We're going to query the database using the Python wrapper for the UCSF Industry Documents API. The result of the query will provide the metadata, including document IDs, required to pull OCR text from the downloaded zip file.

In [99]:
wrapper = IndustryDocsSearch()
wrapper.query(q="type:'unknown' AND box:'DAWLDENGP'", n=-1)
wrapper.save('messages_results.json', format='json')

Adding URLs to query results


In [100]:
len(wrapper.results)

680

In [101]:
df = pl.read_json('messages_results.json')

In [102]:
print(set(df["box"]))

{'DAWLDENGP'}


In [59]:
df.head()

id,collection,collectioncode,box,availability,source,filepath,case,author,documentdate,type,pages,recipient,brand,bates,dateaddeducsf,attachment
str,list[str],list[str],str,list[str],str,list[str],list[str],list[str],str,list[str],i64,list[str],list[str],str,str,list[str]
"""flyc0324""","[""JUUL Labs Collection""]","[""juul""]","""DAWLDENGP""","[""public"", ""no restrictions""]","""[{""type"":""plaintext"",""title"":""…","[""Direct Messages\DAWLDENGP""]","[""State of North Carolina, ex rel.

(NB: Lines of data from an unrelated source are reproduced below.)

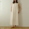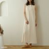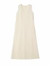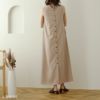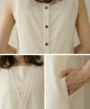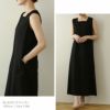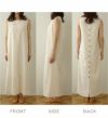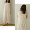 リネンライクな風合いが夏のナチュラルスタイルにぴったりなノースリワンピース。フロントのVネックが長めに入る事で、縦ラインを強調し、スマートに着こなせます♪バックデザインのボタンは足元まで付いているため、スリットの長さを調節でき、両サイドのポケット付きが嬉しいポイント◎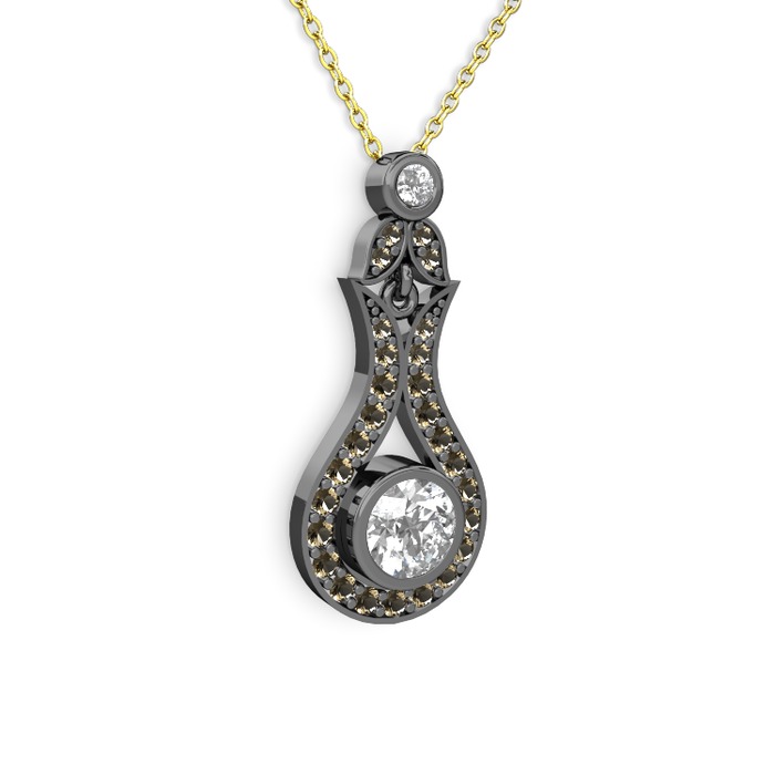 Beyaz zirkon ve dumanlı kuvars 925 ayar siyah rodyum kaplama gümüş kolye (40 cm gümüş rolo zincir)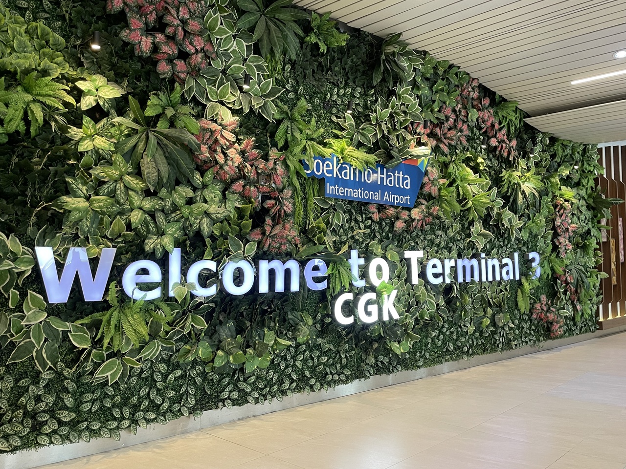 ターミナルは3つあります。日本からの全日空はターミナル3に到着。空港鉄道でジャカルタ市内に出ました。ターミナル間と空港駅の間にはスカイトレインが結んでいます。スカイトレイン、空港鉄道と乗り換え、時間がかかります。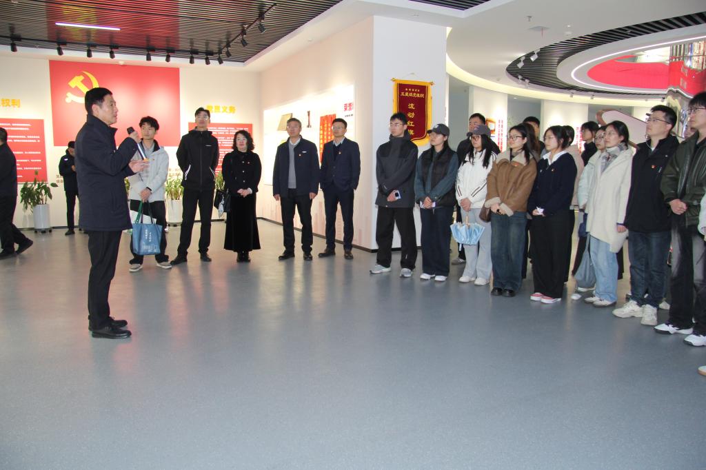 参观期间,戴月波结合自身工作经历,为全体党员讲授了一堂“行走的思政课”。他从理论、历史、现实三个维度,深刻阐释了正确政绩观的核心要义,明确解答了“为谁创造业绩、创造什么业绩、怎样创造业绩”这一命题,并结合企业、学校、社会发展实践,着重强调,社会的稳健发展、经济的持续向好,离不开安全稳定的发展大局,更离不开党建工作的坚强引领与有力支撑。戴月波指出,自改革开放以来,我们党始终坚持与时俱进、守正创新,在时代变革的浪潮中不断自我完善、引领时代发展,为国家发展进步筑牢了根本政治保障,为各类事业高质量发展指明了方向、提供了遵循。戴月波对青年党员提出殷切希望:一是坚守初心使命,把牢思想之舵,始终以正确政绩观为指引,将个人理想融入党和国家事业发展大局,坚定听党话、跟党走的政治信念;二是深耕专业领域,锤炼过硬本领,立足自身岗位潜心钻研、精益求精,不断提升履职尽责、服务发展的综合能力;三是强化实践担当,勇于知行合一,主动扎根一线、担当作为,将理论学习成果转化为服务社会、推动发展的实际行动,在实践中积累经验、增长才干、实现价值。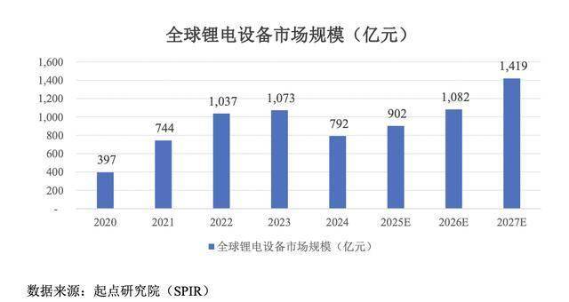 根据起点研究院(SPIR)数据,2024年全球锂电池设备规模为792亿元,同比下降26.2%。下降主要原因为下游锂电池企业扩产进度放缓及锂电设备价格下降。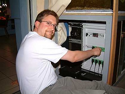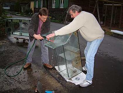 Das Jahr 2000 war für den Fuldaer Aquarien- und Terrarienverein „Scalare“ 1925/55 e.V. Fulda ein geschichtsträchtiges und spannendes Jahr zugleich. Zum Einen konnten wir unser 75-jähriges Jubiläum feiern und zum Anderen ging unser neue Ausstellung nach 3 Jahren Bauzeit endlich in Betrieb. Unser Aquarianer und Terrarianer waren richtig stolz, dass wir, die Fuldaer „Scalare“, eine der größten Ausstellungen in Deutschland die von einem Verein betrieben wird, in Eigenleistung aufgebaut hatten. Die große Terrarienabteilung mit dem Pärchen Kubakrokodile „Klara und Willi“, die übrigens einmalig in der Bundesrepublik sind und eine Aquarienabteilung mit einer brillant durchdachten Technik und Artenvielfalt können sich wirklich sehen lassen. Doch eine Lücke gab es da leider in unserem selbstgeschaffenen kleinen Vivaristik-Paradies: Wir hatten nicht ein Seewasseraquarium in der gesamten neuen Ausstellung. Früher, in der alten Georg-Rösch-Hütte, hatten wir immer mehrere Aquarien mit Meerwasser. Seewasser- oder Meerwasseraquarien mit Fischen und niederen Tieren sind als die „Königsdisziplin“ in der Aquaristik zu verstehen – also vergleichbar mit der Formel1 im Motorsport. Sechs Jahre gelang es uns nicht, in der neuen Ausstellung ein Seewasseraquarium zu etablieren. Aquarianer, die sich in diesem Metier auskennen gibt es zwar in unserem Verein, aber inzwischen ist es sehr schwer geworden, Fische, niedere Tiere, Technik, etc. zu bezahlbaren Preisen zu bekommen. Ein Seewasseraquarium in einer solchen Ausstellung wie in unserem Verein sollte schon eine ordentliche Größe aufweisen und dem entsprechend teuer wird ein solches Vorhaben. Einige Mitglieder hatten sich schon fast damit abgefunden, dass wir wohl so schnell diese „Königsklasse“ nicht mehr betreten würden. Am 17. Dezember 2004 wurde dieses Thema wiederbelebt. Nach dem traditionellen Jahresrückblick wurde der obligatorische „Bildgroschen“ erstmals für das an diesem Abend geborene „Projekt Seewasser“ verwendet, dass vom 1. Schriftführer ins Leben gerufen wurde. Hiermit sollte ein Anfang gemacht werden und die Seewasseraquarianer und Mitglieder neu für dieses Thema motiviert werden. Wie es der Zufall so wollte kam kurz nach dieser Aktion der Anruf eines Aquarianers aus der Region, der sein Seewasseraquarium aufgeben wollte und sich an uns wendete. Das war eine super Möglichkeit und ein tolles Angebot – aber wer soll das Projekt als Verantwortlicher in die Hand nehmen? Man war sich schnell einig, dass hierfür der erfahrenste Seewasseraqurianer unseres Vereins (Meinung des Autors und vieler Vereinsfreunde), unser ehemaliger 2. Vorsitzender und langjähriger Jugendwart und Beckenpfleger Gerhard Schröter der richtige Mann wäre. Vereinsfreunde wie z.B. Uli Dehler und unser Fachwart Horst Rose schafften es, ihn hierfür zu begeistern. Gerhard, der inzwischen ca. 40 Kilometer von Fulda entfernt wohnt machte uns damals klar, dass er einen zweiten Mann für dieses Projekt bräuchte. Wir alle wissen, dass es nicht ganz leicht ist, zu zweit ein Aquarium zu pflegen. Das ganze funktioniert nur dann, wenn die Beckenpfleger sich sehr gut verstehen und teamfähig sind. Es dauerte nicht lange, da war auch hier der richtig Aquarianer gefunden. Markus Müller, der bei Gerhard Schröter in der Jugendgruppe in unserem Verein „groß“ geworden ist, stellte sich hoch motiviert und begeistert der Herausforderung. Da er vorher noch nie Seewasseraquarien gepflegt hatte war es für ihn die große Chance, quasi von der Pieke auf diese höchste Klasse unseres Hobby von einem erfahrenen Lehrmeister zu erlernen. Wir anderen Vereinsmitglieder merkten sehr schnell, dass sich hier ein Dream-Team gebildet hatte. Markus Müller, der die komplette neue Ausstellung elektrotechnisch geplant und praktisch umgesetzt hatte, kümmerte sich um die Aufwendige Technik und baute in die inzwischen zu uns geholte Seewasseranlage so manche Raffinesse ein. Gerhard Schröter, der Seewasser-Altmeister, kümmerte sich erst mal um die vorhanden Fische und niederen Tiere und brachte seinem „Lehrling“ so langsam die Geheimnisse der Meerwasseraquaristik näher. Ein Seewasseraquarium mit Fischen und niederen Tieren in Betrieb zu nehmen ist sehr aufwendig und kann in keinster Weise mit Süßwasser verglichen werden. Die komplizierte Filtertechnik und das regelmäßige zusetzen von diversen Spurenelementen verlangt eine Menge an Erfahrung und Fachwissen. Bis die sogenannten „lebenden“ Steine eingesetzt werden können, aus denen sich verschiedene niedere Tiere entwickeln, braucht eine Menge Zeit, wenn man es fach- und artgerecht angeht. Selbstverständlich war das Seewasseraquarium im vergangenen Jahr das Gesprächsthema Nr. 1 in unserem Verein. In den letzen zwei Monaten kam dann langsam eine gewisse Unruhe und Ungeduld auf: Wann kommen denn nun endlich die Fische? Man muss zugeben, dass die beiden Seewasseraquarianer Gerhard Schröter und Markus Müller es fast etwas „spannend“ gemacht haben. Gestern, am 30. März war es dann endlich soweit. Die Fische wurden geliefert und langsam eingesetzt. Die Begeisterung bei den Vereinsfreunden war mehr als groß. Eine regelrechte Euphorie geht seit gestern durch den Verein. Selbstverständlich braucht es noch ein gewisse Zeit, bis die noch relativ jungen Seewasserfische ihre endgültige Größe erreicht haben. Unsere 2. Fachwart Elisabeth „Lissy“ Eifert hatte am 14. Oktober 2005 in unser Gästebuch geschrieben: „Hurra, bald weht auch eine Brise Seeluft durch den Tümpel. Wir könnens kaum erwarten.“ Inzwischen muss man sagen scheint bei uns im Tümpelgarten in unserer Aquarien- und Terrarienausstellung im Rudi-Schmitz-Haus rund um die Uhr die Sonne – gerade wenn man die Beckenpfleger Gerhard Schröter und Markus Müller betrachtet, die seit gestern um die Wette strahlen. An dieser Stelle bedanken wir uns für das großartige Engagement unserer beiden Vereinsfreunde Gerhard Schröter und

Joshua H. Stein, Attorney General, v. JUUL Labs, Inc""]","[""Ramean Behnam""]","""2019 January 14""","[""unknown""]",1,"[""Jonathan Powell"", ""Ramean Behnam""]","[""Juul""]","""JLI50358877""","""2024 September 26""",
"""fmyc0324""","[""JUUL Labs Collection""]","[""juul""]","""DAWLDENGP""","[""public"", ""no restrictions""]","""[{""type"":""plaintext"",""title"":""…","[""Direct Messages\DAWLDENGP""]","[""State of North Carolina, ex rel. Joshua H. Stein, Attorney General, v. JUUL Labs, Inc""]","[""Ramean Behnam""]","""2019 January 21""","[""unknown""]",1,"[""Jonathan Powell"", ""Ramean Behnam""]","[""Juul""]","""JLI50358893""","""2024 September 26""",
"""fpmh0327""","[""JUUL Labs Collection""]","[""juul""]","""DAWLDENGP""","[""public"", ""no restrictions""]","""[{""type"":""plaintext"",""title"":""…","[""Direct Messages\DAWLDENGP""]","[""State of North Carolina, ex rel. Joshua H. Stein, Attorney General, v. JUUL Labs, Inc""]","[""Ramean Behnam""]","""2018 November 30""","[""unknown""]",1,"[""Jonathan Powell"", ""Ramean Behnam""]","[""Juul""]","""JLI50132758""","""2024 September 26""",
"""fqmh0327""","[""JUUL Labs Collection""]","[""juul""]","""DAWLDENGP""","[""public"", ""no restrictions""]","""[{""type"":""plaintext"",""title"":""…","[""Direct Messages\DAWLDENGP""]","[""State of North Carolina, ex rel. Joshua H. Stein, Attorney General, v. JUUL Labs, Inc""]","[""Ramean Behnam""]","""2018 December 05""","[""unknown""]",1,"[""Jonathan Powell"", ""Ramean Behnam""]","[""Juul""]","""JLI50132774""","""2024 September 26""",
"""frmh0327""","[""JUUL Labs Collection""]","[""juul""]","""DAWLDENGP""","[""public"", ""no restrictions""]","""[{""type"":""plaintext"",""title"":""…","[""Direct Messages\DAWLDENGP""]","[""State of North Carolina, ex rel. Joshua H. Stein, Attorney General, v. JUUL Labs, Inc""]","[""Jonathan Powell""]","""2019 January 09""","[""unknown""]",1,"[""Jonathan Powell"", ""Ramean Behnam""]","[""Juul""]","""JLI50132790""","""2024 September 26""",


## Extract OCR Content from the Zipped Folder
Now, we will extract the OCR content for the queried documents using the IDs retrieved in the previous step.

In [103]:
import zipfile

In [104]:
def get_ocr_content(df, zip_dir):
    id_list = df['id'].str.strip_chars().to_list()
    main_df = pl.DataFrame()

    with zipfile.ZipFile(zip_dir, 'r') as zipf:
        for idx, file in enumerate(zipf.namelist()):
            with zipf.open(file) as f:
                try:
                    temp_df = pl.read_csv(f, separator='|')
                    temp_df = temp_df.filter(pl.col('id').cast(pl.String).str.strip_chars().is_in(id_list))
                    main_df = pl.concat([main_df, temp_df])
                except Exception as e:
                    print(f'Error processing file {file}: {e}')
                    continue
            print(f'CSVs Checked: {idx+1}/{len(zipf.namelist())} | Docs Matched: {len(main_df)}/{len(id_list)}', end='\r')

    return main_df

In [105]:
zipdirectory = "../data/JUUL_Labs_Collection.zip"
df_text = get_ocr_content(df, zipdirectory)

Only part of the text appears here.